Best Anchor Stocks's avatar
Best Anchor Stocks
Nov 27, 2025
∙ Paid

Keysight reported outstanding earnings on Monday. The stock rose significantly the following day, and although it did not break its ATH, it is pretty close!

I could discuss all the highlights of the quarterly release in a lengthy article, but I thought it was a better idea to focus on the several topics that matter:

  1. The key numbers and the Keysight thesis

  2. The valuation

Keysight was one of the companies severely punished in April during the tariff tantrum. One could argue it was punished for good reason because (a) it has indeed suffered tariff costs (Keysight decided to honor its pre-tariff orders without raising prices) and (b) the company is exposed to the Capex of its customers, and we all know how muted Capex has been with all the uncertainty. Regardless of whether you think the tariff drop was warranted or not, the company has demonstrated that tariffs were a nothing-burger.

Without further ado, let’s start with the numbers and what makes Keysight “special.”

The key numbers and the Keysight thesis

Here’s the summary table for Keysight:

Source: Made by Best Anchor Stocks

Several things are worth highlighting from this table. Let’s start with the most obvious one: Keysight is now firmly out of the downcycle. Revenue growth actually decelerated from last quarter, but we must not forget that there was a pull-forward in Q3 due to tariffs. The leading indicator (orders) is growing significantly ahead of revenue, which means that Keysight is again building its backlog.

This is great in and of itself, but it’s even more impressive when we consider that 6G is still not “a thing.” Keysight has historically been understood as a 5G/6G company (i.e., a one-trick pony). This meant that its growth was unequivocally linked to the “G” cycles. Well, here we are: orders growing in the mid-teens and still no meaningful 6G business (which will eventually come, as the industry is already in pre-standard design). This simply stresses that Keysight has evolved through the years and is much more than a 6G company today. In fact, Keysight expects growth in Wireless in FY 2026, despite the bulk of the 6G investment cycle being expected somewhere around 2028/2029.

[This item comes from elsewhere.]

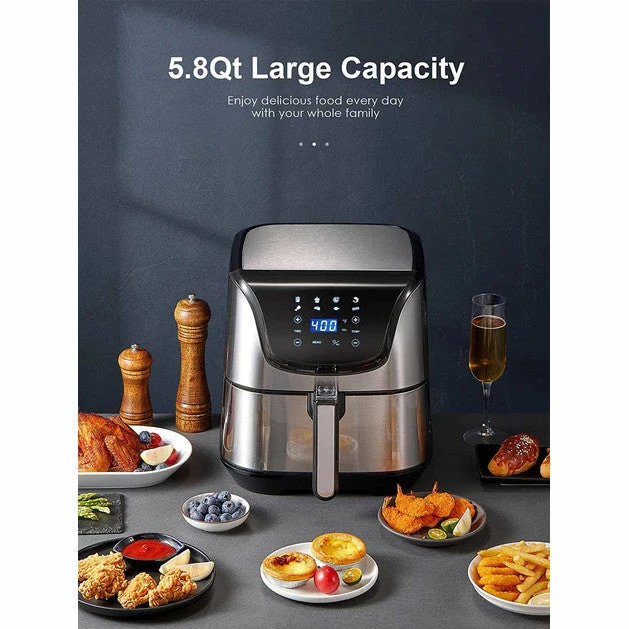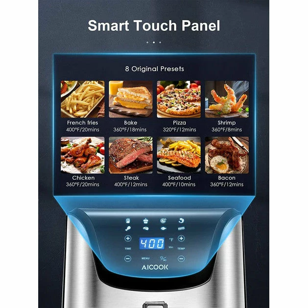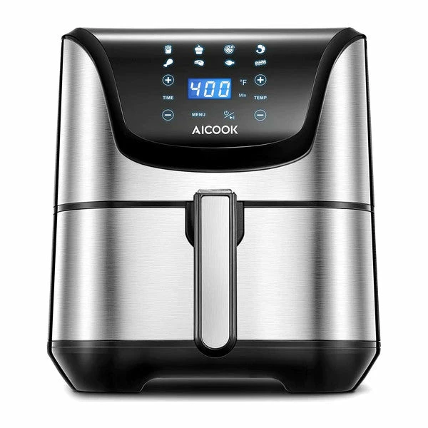 Get professional quality cooking results with an AICOOK Air Fryer! This air fryer uses air circulating technology to cook and bake your food efficiently and evenly from all directions. It has a large 5.8 quart capacity and features an LED touch screen with 8 cooking presets. You can set the timer from 1-60 minutes, and the temperature range goes from 180ยฐF to 400ยฐF. User Manual included, accessories dishwasher safe.

This is also interesting because it seems that the investment cycles might have “decoupled,” allowing Keysight to generate smoother earnings. Even though Wireless is “weak” due to the absence of 6G, Wireline is standing up as the growth driver. We don’t know what will happen in the future, but we might end up in a scenario in 2028/2029 in which Wireline is a bit weaker while Wireless is picking up.

Probably the thing that makes Keysight interesting is that it’s pretty much exposed to every technological revolution. No matter what tech “revolution” you are thinking about, it’s likely that Keysight has some kind of exposure to it. Here’s a non-comprehensive list:

  • AI buildout (CSG, Wireline)

  • 6G development and deployment (CSG, Wireless)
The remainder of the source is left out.